■ **Data shown**
----------

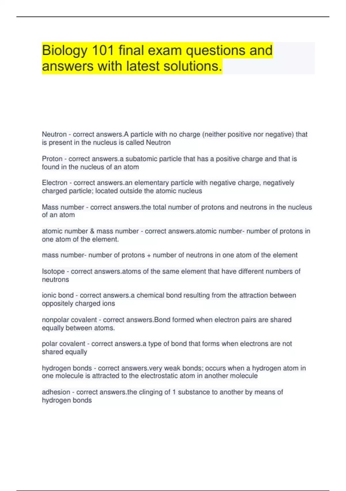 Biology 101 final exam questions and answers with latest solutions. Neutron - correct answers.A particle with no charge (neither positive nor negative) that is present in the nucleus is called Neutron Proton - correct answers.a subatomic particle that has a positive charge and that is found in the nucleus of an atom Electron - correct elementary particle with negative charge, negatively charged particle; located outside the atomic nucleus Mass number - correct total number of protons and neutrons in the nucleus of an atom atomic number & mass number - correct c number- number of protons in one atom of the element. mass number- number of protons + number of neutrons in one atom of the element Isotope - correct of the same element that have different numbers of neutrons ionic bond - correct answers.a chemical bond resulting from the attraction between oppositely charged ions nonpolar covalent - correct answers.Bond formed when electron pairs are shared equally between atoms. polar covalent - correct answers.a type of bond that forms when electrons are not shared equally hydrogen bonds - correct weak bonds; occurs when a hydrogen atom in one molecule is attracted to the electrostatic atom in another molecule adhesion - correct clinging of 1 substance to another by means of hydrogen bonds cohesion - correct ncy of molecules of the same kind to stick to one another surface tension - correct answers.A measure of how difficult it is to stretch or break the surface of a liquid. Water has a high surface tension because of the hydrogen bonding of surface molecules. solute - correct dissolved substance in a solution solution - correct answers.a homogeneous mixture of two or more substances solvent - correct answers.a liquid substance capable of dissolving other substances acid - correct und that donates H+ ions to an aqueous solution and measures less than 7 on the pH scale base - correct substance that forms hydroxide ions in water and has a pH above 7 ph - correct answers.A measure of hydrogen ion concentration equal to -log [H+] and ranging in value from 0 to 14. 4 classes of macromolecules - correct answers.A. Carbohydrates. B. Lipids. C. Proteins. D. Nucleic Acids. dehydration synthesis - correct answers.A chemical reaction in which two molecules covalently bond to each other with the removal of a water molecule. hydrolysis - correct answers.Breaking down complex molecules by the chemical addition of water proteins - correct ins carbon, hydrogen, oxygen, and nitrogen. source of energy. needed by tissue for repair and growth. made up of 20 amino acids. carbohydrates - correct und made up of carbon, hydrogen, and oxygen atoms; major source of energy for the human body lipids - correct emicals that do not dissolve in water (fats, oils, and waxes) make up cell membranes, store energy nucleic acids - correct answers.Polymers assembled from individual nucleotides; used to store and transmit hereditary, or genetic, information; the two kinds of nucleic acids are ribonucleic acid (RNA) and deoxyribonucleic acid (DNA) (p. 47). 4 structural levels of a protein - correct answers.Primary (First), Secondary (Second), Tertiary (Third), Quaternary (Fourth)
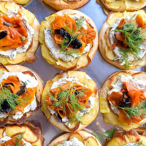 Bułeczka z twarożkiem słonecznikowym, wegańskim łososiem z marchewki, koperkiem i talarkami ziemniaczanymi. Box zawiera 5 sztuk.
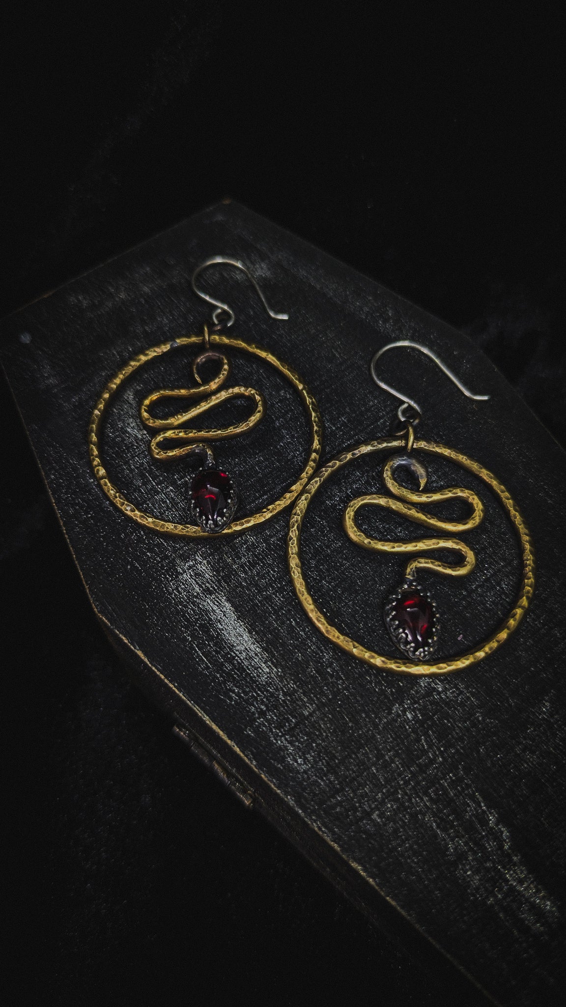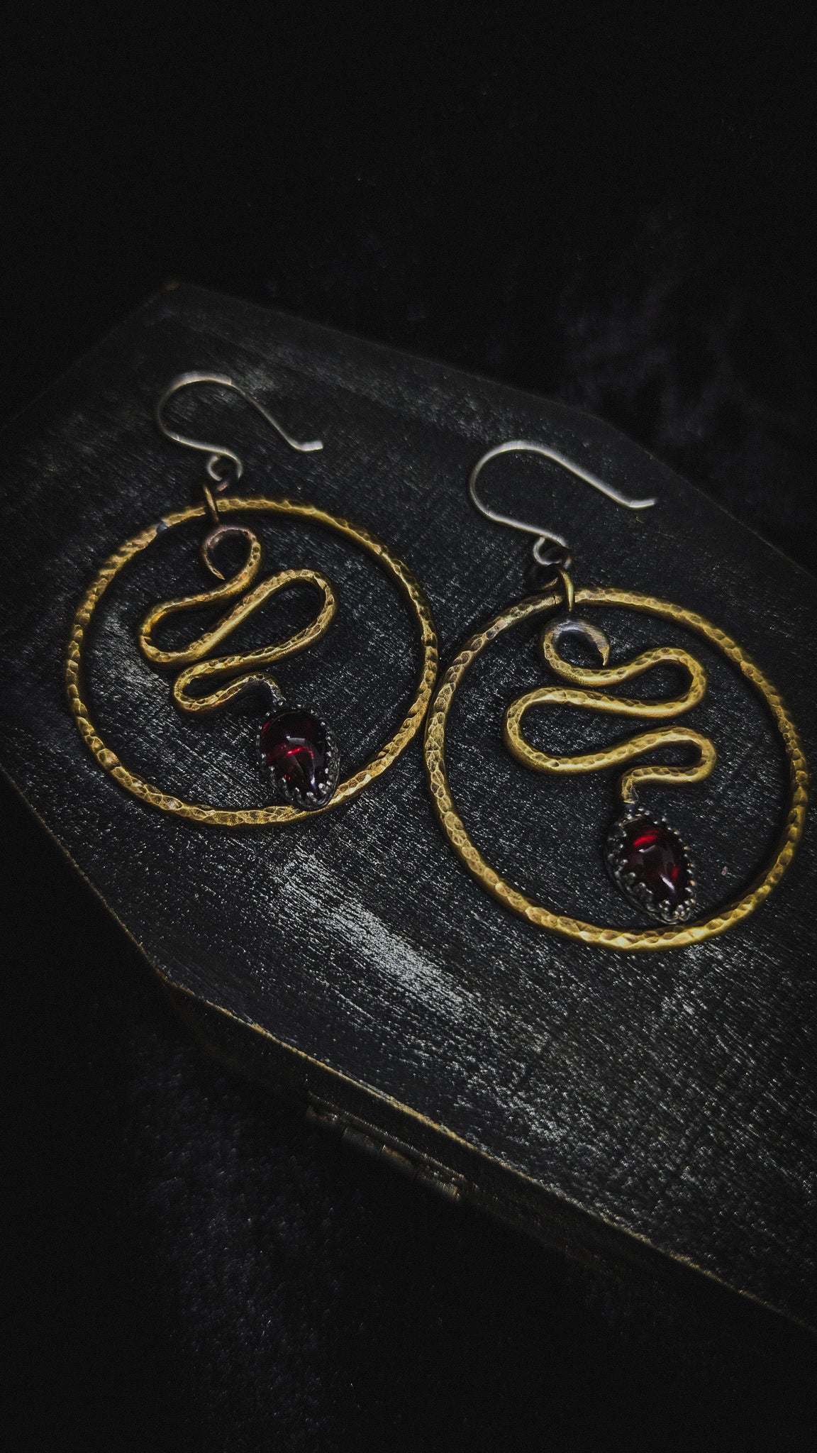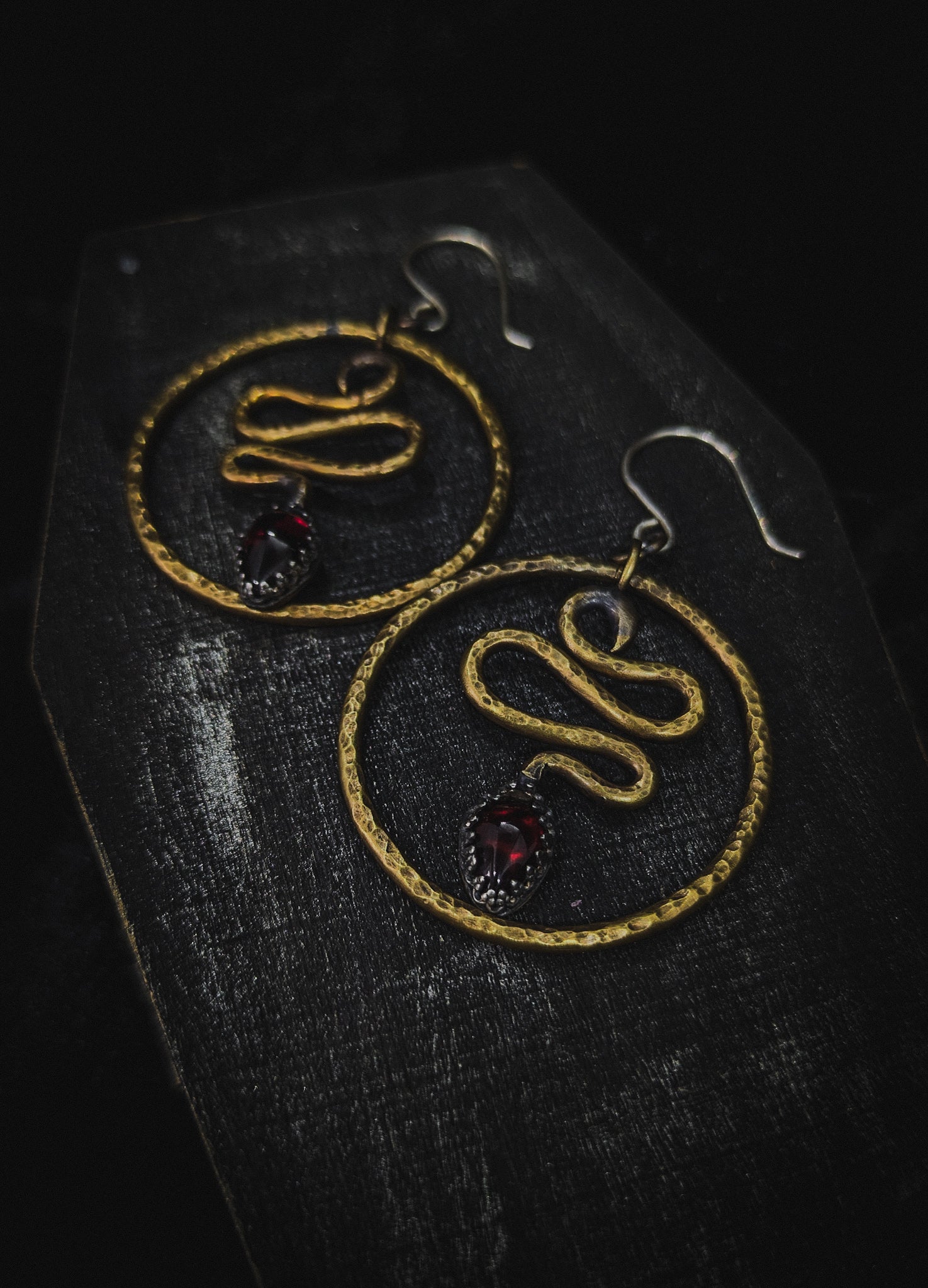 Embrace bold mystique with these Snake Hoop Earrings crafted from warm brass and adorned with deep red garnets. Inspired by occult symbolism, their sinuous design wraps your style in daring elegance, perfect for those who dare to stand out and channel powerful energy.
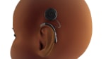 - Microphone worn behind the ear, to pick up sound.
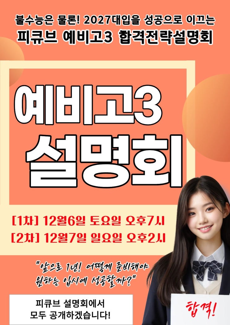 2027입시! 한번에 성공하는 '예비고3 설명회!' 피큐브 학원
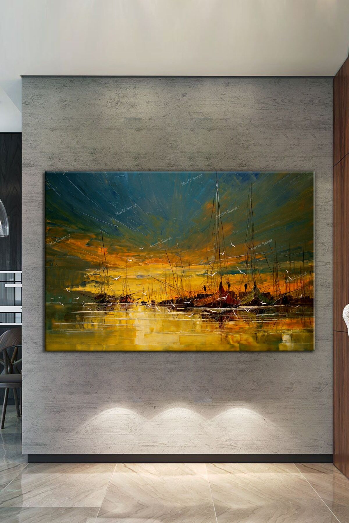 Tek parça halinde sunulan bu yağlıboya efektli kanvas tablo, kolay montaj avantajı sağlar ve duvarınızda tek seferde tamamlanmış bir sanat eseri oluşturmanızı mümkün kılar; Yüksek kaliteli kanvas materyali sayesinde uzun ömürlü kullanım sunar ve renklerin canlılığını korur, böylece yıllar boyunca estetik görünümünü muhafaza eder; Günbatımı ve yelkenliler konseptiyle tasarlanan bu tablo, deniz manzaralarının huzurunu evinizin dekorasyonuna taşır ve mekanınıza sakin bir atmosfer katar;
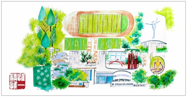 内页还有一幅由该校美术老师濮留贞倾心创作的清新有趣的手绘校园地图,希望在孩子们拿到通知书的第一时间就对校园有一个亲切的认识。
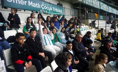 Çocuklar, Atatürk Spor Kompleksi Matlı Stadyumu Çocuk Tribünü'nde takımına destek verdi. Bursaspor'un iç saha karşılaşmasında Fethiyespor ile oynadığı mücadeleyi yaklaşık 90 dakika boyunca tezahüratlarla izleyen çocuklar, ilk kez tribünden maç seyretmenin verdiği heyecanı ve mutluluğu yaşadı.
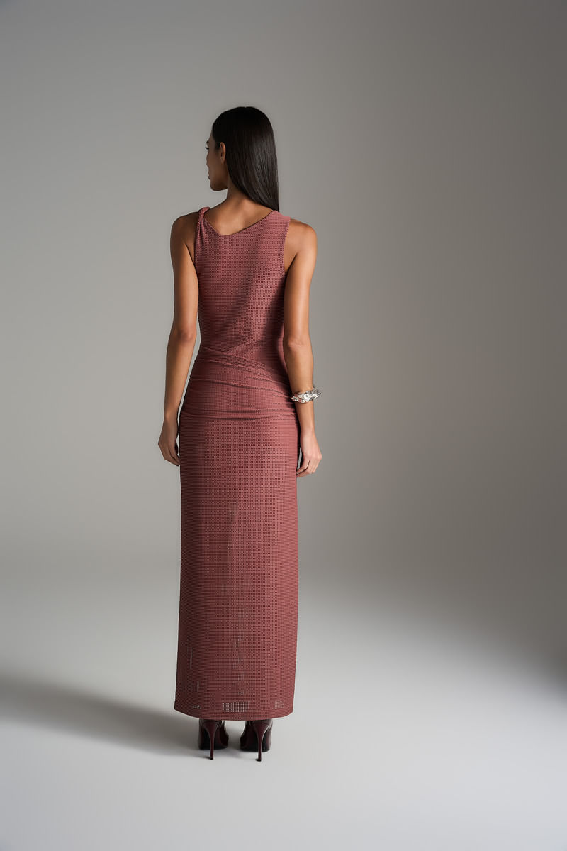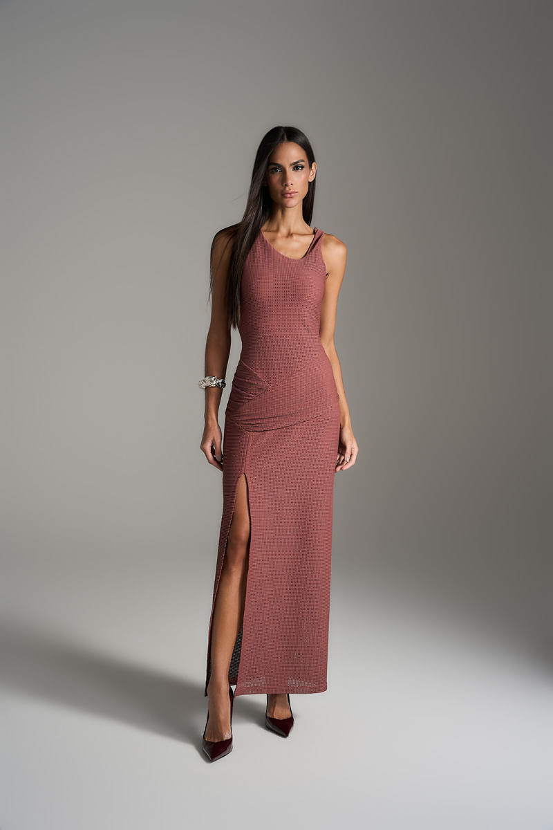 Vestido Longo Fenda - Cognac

----------

■ **Problem**
Output every record above exactly, leaving out the pictures.

■ **Solution**
 Biology 101 final exam questions and answers with latest solutions. Neutron - correct answers.A particle with no charge (neither positive nor negative) that is present in the nucleus is called Neutron Proton - correct answers.a subatomic particle that has a positive charge and that is found in the nucleus of an atom Electron - correct elementary particle with negative charge, negatively charged particle; located outside the atomic nucleus Mass number - correct total number of protons and neutrons in the nucleus of an atom atomic number & mass number - correct c number- number of protons in one atom of the element. mass number- number of protons + number of neutrons in one atom of the element Isotope - correct of the same element that have different numbers of neutrons ionic bond - correct answers.a chemical bond resulting from the attraction between oppositely charged ions nonpolar covalent - correct answers.Bond formed when electron pairs are shared equally between atoms. polar covalent - correct answers.a type of bond that forms when electrons are not shared equally hydrogen bonds - correct weak bonds; occurs when a hydrogen atom in one molecule is attracted to the electrostatic atom in another molecule adhesion - correct clinging of 1 substance to another by means of hydrogen bonds cohesion - correct ncy of molecules of the same kind to stick to one another surface tension - correct answers.A measure of how difficult it is to stretch or break the surface of a liquid. Water has a high surface tension because of the hydrogen bonding of surface molecules. solute - correct dissolved substance in a solution solution - correct answers.a homogeneous mixture of two or more substances solvent - correct answers.a liquid substance capable of dissolving other substances acid - correct und that donates H+ ions to an aqueous solution and measures less than 7 on the pH scale base - correct substance that forms hydroxide ions in water and has a pH above 7 ph - correct answers.A measure of hydrogen ion concentration equal to -log [H+] and ranging in value from 0 to 14. 4 classes of macromolecules - correct answers.A. Carbohydrates. B. Lipids. C. Proteins. D. Nucleic Acids. dehydration synthesis - correct answers.A chemical reaction in which two molecules covalently bond to each other with the removal of a water molecule. hydrolysis - correct answers.Breaking down complex molecules by the chemical addition of water proteins - correct ins carbon, hydrogen, oxygen, and nitrogen. source of energy. needed by tissue for repair and growth. made up of 20 amino acids. carbohydrates - correct und made up of carbon, hydrogen, and oxygen atoms; major source of energy for the human body lipids - correct emicals that do not dissolve in water (fats, oils, and waxes) make up cell membranes, store energy nucleic acids - correct answers.Polymers assembled from individual nucleotides; used to store and transmit hereditary, or genetic, information; the two kinds of nucleic acids are ribonucleic acid (RNA) and deoxyribonucleic acid (DNA) (p. 47). 4 structural levels of a protein - correct answers.Primary (First), Secondary (Second), Tertiary (Third), Quaternary (Fourth)
 Bułeczka z twarożkiem słonecznikowym, wegańskim łososiem z marchewki, koperkiem i talarkami ziemniaczanymi. Box zawiera 5 sztuk.
 Embrace bold mystique with these Snake Hoop Earrings crafted from warm brass and adorned with deep red garnets. Inspired by occult symbolism, their sinuous design wraps your style in daring elegance, perfect for those who dare to stand out and channel powerful energy.
 - Microphone worn behind the ear, to pick up sound.
 2027입시! 한번에 성공하는 '예비고3 설명회!' 피큐브 학원
 Tek parça halinde sunulan bu yağlıboya efektli kanvas tablo, kolay montaj avantajı sağlar ve duvarınızda tek seferde tamamlanmış bir sanat eseri oluşturmanızı mümkün kılar; Yüksek kaliteli kanvas materyali sayesinde uzun ömürlü kullanım sunar ve renklerin canlılığını korur, böylece yıllar boyunca estetik görünümünü muhafaza eder; Günbatımı ve yelkenliler konseptiyle tasarlanan bu tablo, deniz manzaralarının huzurunu evinizin dekorasyonuna taşır ve mekanınıza sakin bir atmosfer katar;
 内页还有一幅由该校美术老师濮留贞倾心创作的清新有趣的手绘校园地图,希望在孩子们拿到通知书的第一时间就对校园有一个亲切的认识。
 Çocuklar, Atatürk Spor Kompleksi Matlı Stadyumu Çocuk Tribünü'nde takımına destek verdi. Bursaspor'un iç saha karşılaşmasında Fethiyespor ile oynadığı mücadeleyi yaklaşık 90 dakika boyunca tezahüratlarla izleyen çocuklar, ilk kez tribünden maç seyretmenin verdiği heyecanı ve mutluluğu yaşadı.
 Vestido Longo Fenda - Cognac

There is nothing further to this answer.